In the vitamin arsenal, it's vitamin C that is on top. Vitamin C boosts our immune system, and increases our ability to destroy "foreign" bodies, chemicals, and debris. The active form of vitamin C, ascorbate, helps prevent formation of cancer-causing chemicals known as N-nitrosoamines, commonly found in cured and smoked meats, drinking water, and cigarette smoke. They are also sprayed on our pre-cut vegetables, and become part of produce grown on farm soils heavily fertilized with nitrogen-based fertilizers.

The immune system plays such a key role in cancer that a person with cancer is considered to have a weakened immune system because it was not capable of removing the foreign substance that caused the cancer. If you decide to take vitamin C as part of either a cancer-preventive or cancer therapy, most protocols will recommend large doses ("mega dose" therapy), which may not agree with your body. The acerola cherry is the most concentrated source of vitamin C, followed by red chili peppers, guavas, red sweet peppers, kale, and parsley. Collard greens, turnip greens, green peppers, broccoli and Brussels sprouts follow close behind. Be sure to seek the advice of your doctor before you make your decisions.

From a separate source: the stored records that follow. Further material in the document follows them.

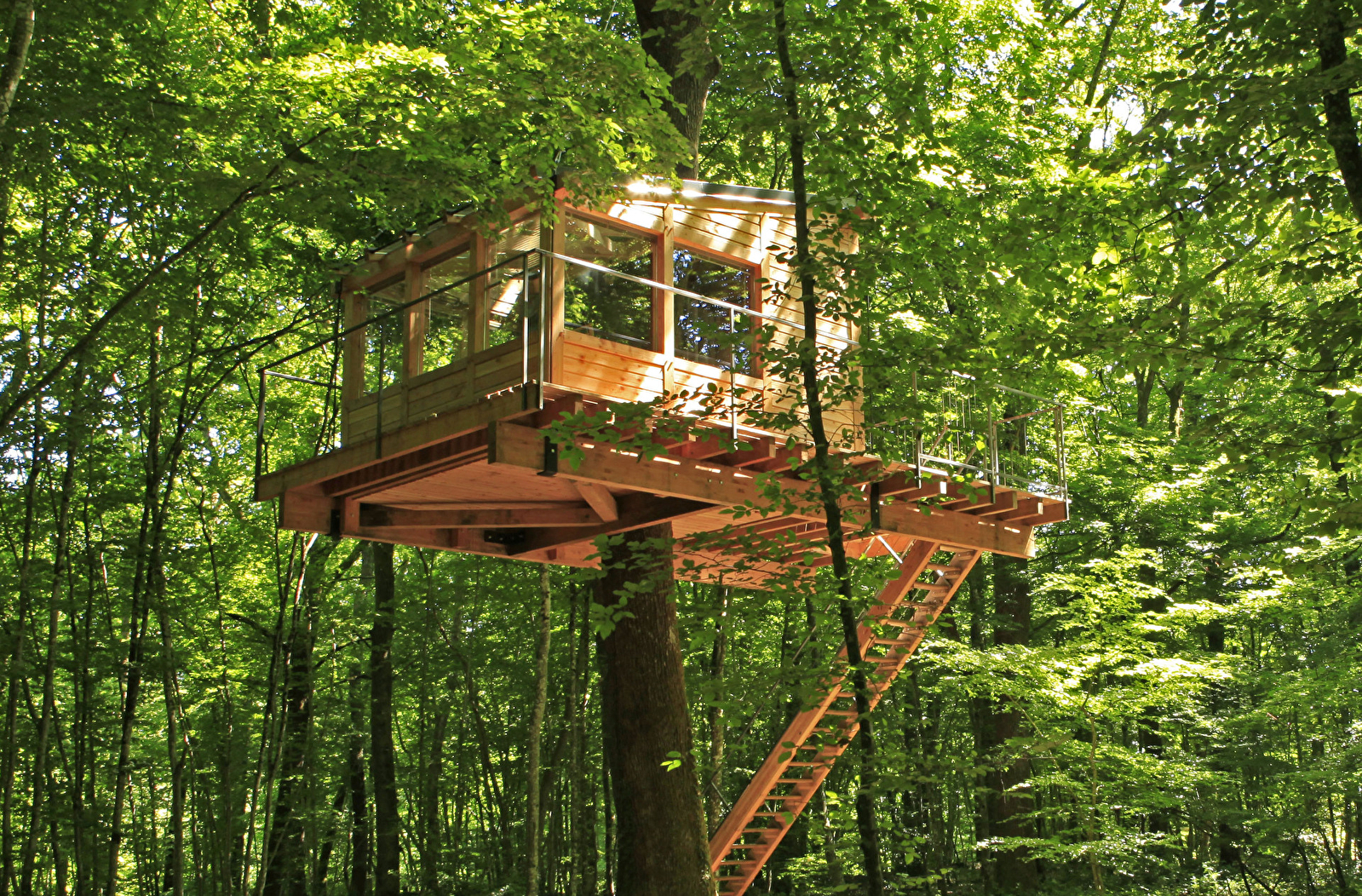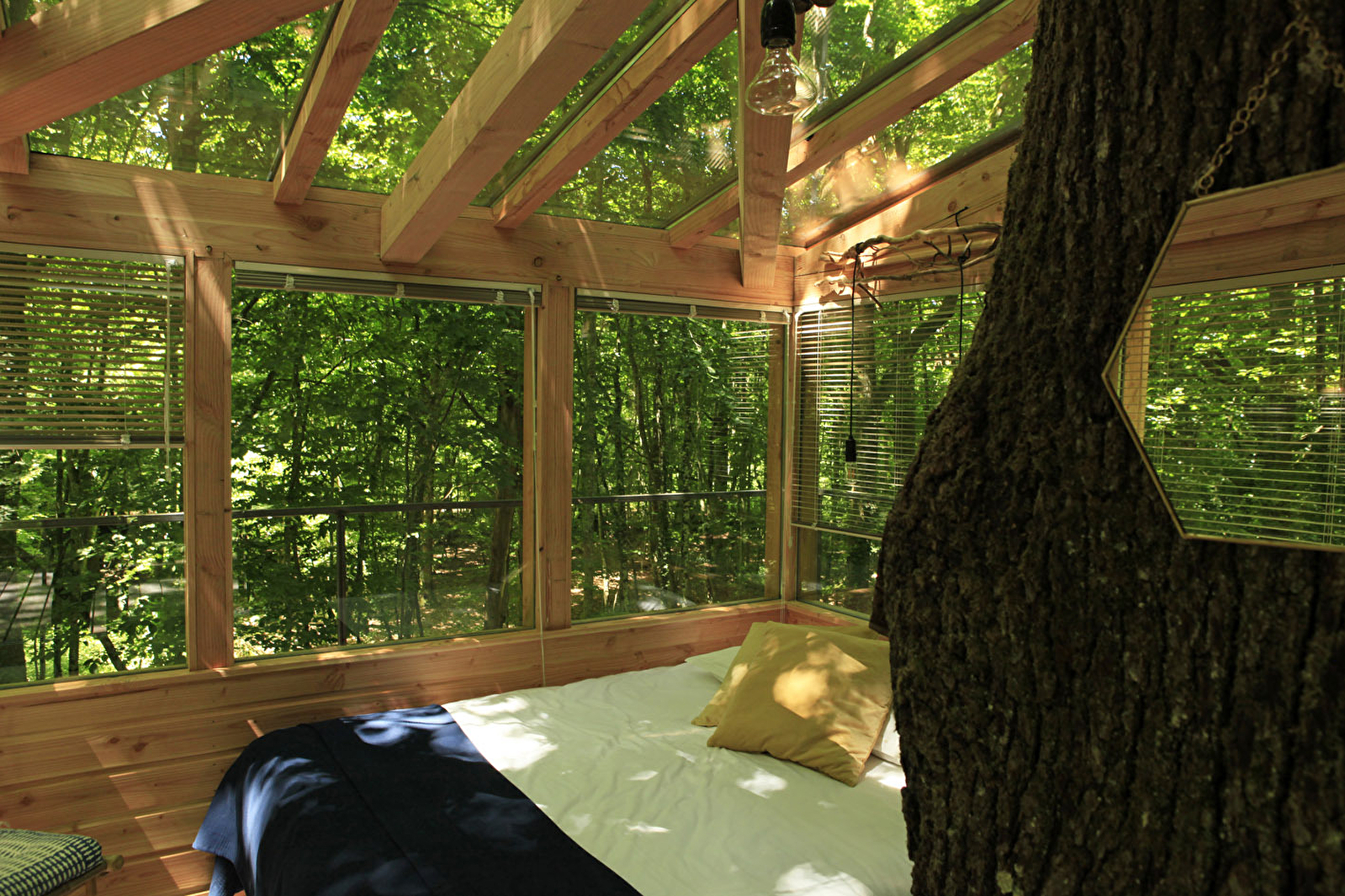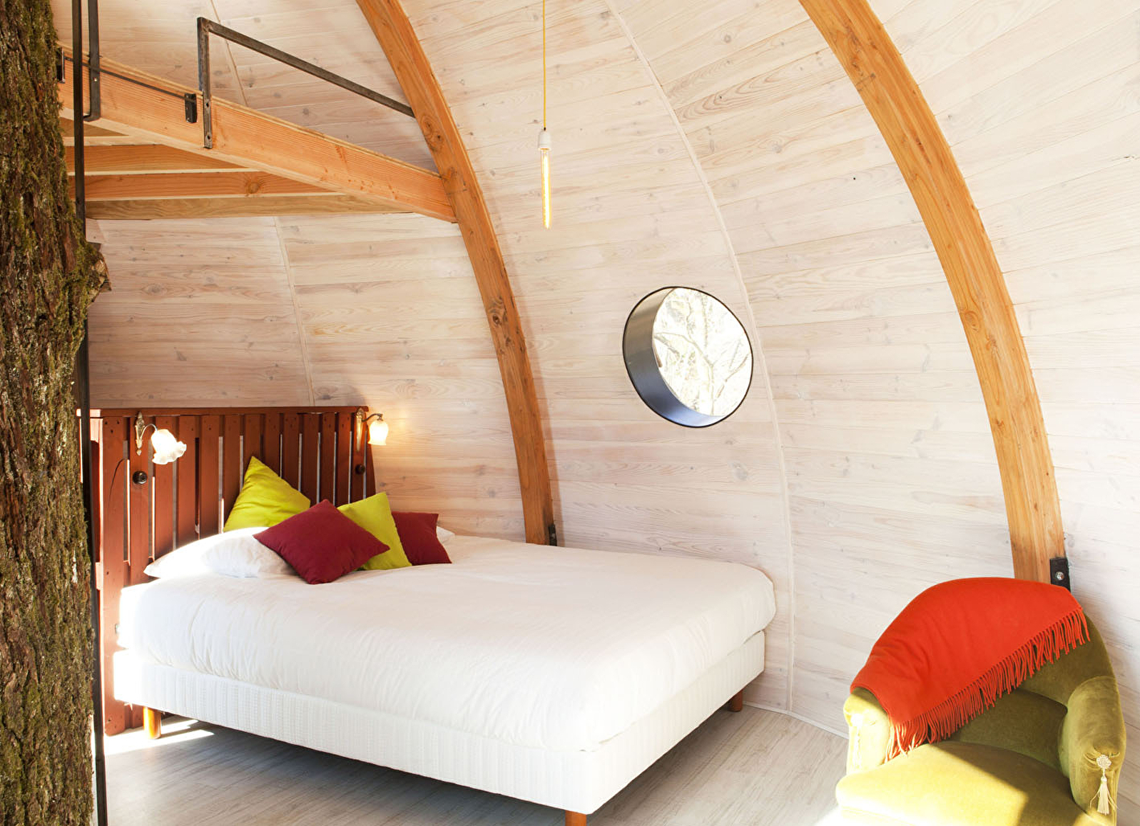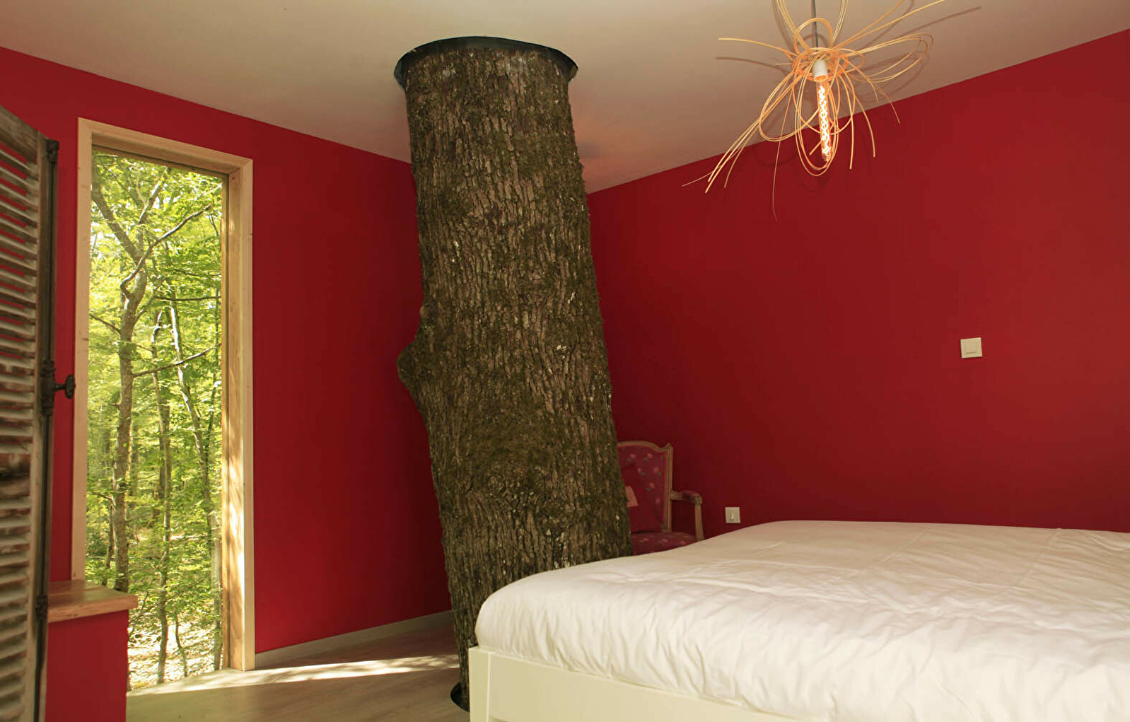 C'est dans le bois dit des "Galants" que sont implantés les nids perchés. Le nid penché : véritable cube de bois penché peint à l'ocre de Puisaye et bien suspendu à son arbre à 6.5 m de haut. Le nid sphère : sphère en bois solidement arrimée à son chêne tricentenaire. Le nid sur l'eau : deux cabines imbriquées l’une dans l’autre et solidement arrimées à quatre beaux chênes à quelques encablures du sol avec une terrasse surplombant la mare et le nid sous les étoiles : tout de bois et de verre, arrimé à un magnifique chêne à six mètres du sol. Salle d'eau privative pour chaque chambre.
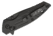 Descriptif : Le couteau Backup Bear OPS Mini Rancor IX est doté d'une lame drop point en acier D2 59-61HRC avec une finition noire. L'ouverture d'une main est possible avec le pouce. Le manche est en acier & Black Zytel avec un trou à l'extrémité pour le cordon de sécurité. En position ouverte la lame est bloquée par un système Slide Lock. Le clip de poche permet un transport discret dans la poche et dans le sac.
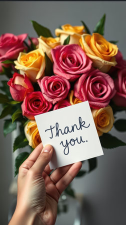 Beautiful bouquet of pink and yellow roses with a handwritten thank you note in a cozy indoor setting

Beta-carotene, the precursor to vitamin A, is another antioxidant with cancer fighting properties, preventing excessive free radical damage - allowing cells to utilize oxygen more efficiently. Vitamin A and beta-carotene are known to be helpful in preventing prostate, cervical, lung, stomach and oral cancers. Vitamin E, also known as alpha-tocopherol, has been effective in decreasing the overall cancer risk in non-smokers. Top sources of vitamin E are sunflower seeds, almonds, spinach, and asparagus.

B-vitamins,including pantothenic acid, may be critically low in patients susceptible or diagnosed with cancer. A general B-group multivitamin with pantothenic acid is a good choice. This group of vitamins works together with your body's enzymes and minerals to provide the cells with maximum energy and nutrients.

Minerals

Selenium is a mineral that plays a key role with an enzyme called glutathione peroxidase, one of our body's most powerful antioxidants. High levels of glutathione peroxidase have lowered the risk of breast, colon, gastric, and rectal cancers. Oranges, grapes, radishes, almonds, onions, and cabbage are good sources for selenium. Along with zinc,potassium, and other micro-minerals that participate as co-factors to bodily processes, we can help improve our chances for preventing cancer and perhaps,fighting its devastating effects on our bodies.

note of caution regarding the use of herbal, vitamin, and mineral supplements, and nutritional supplements in general: It is imperative you discuss any questions or considerations about supplements with your doctor before you take any over-the-counter substances.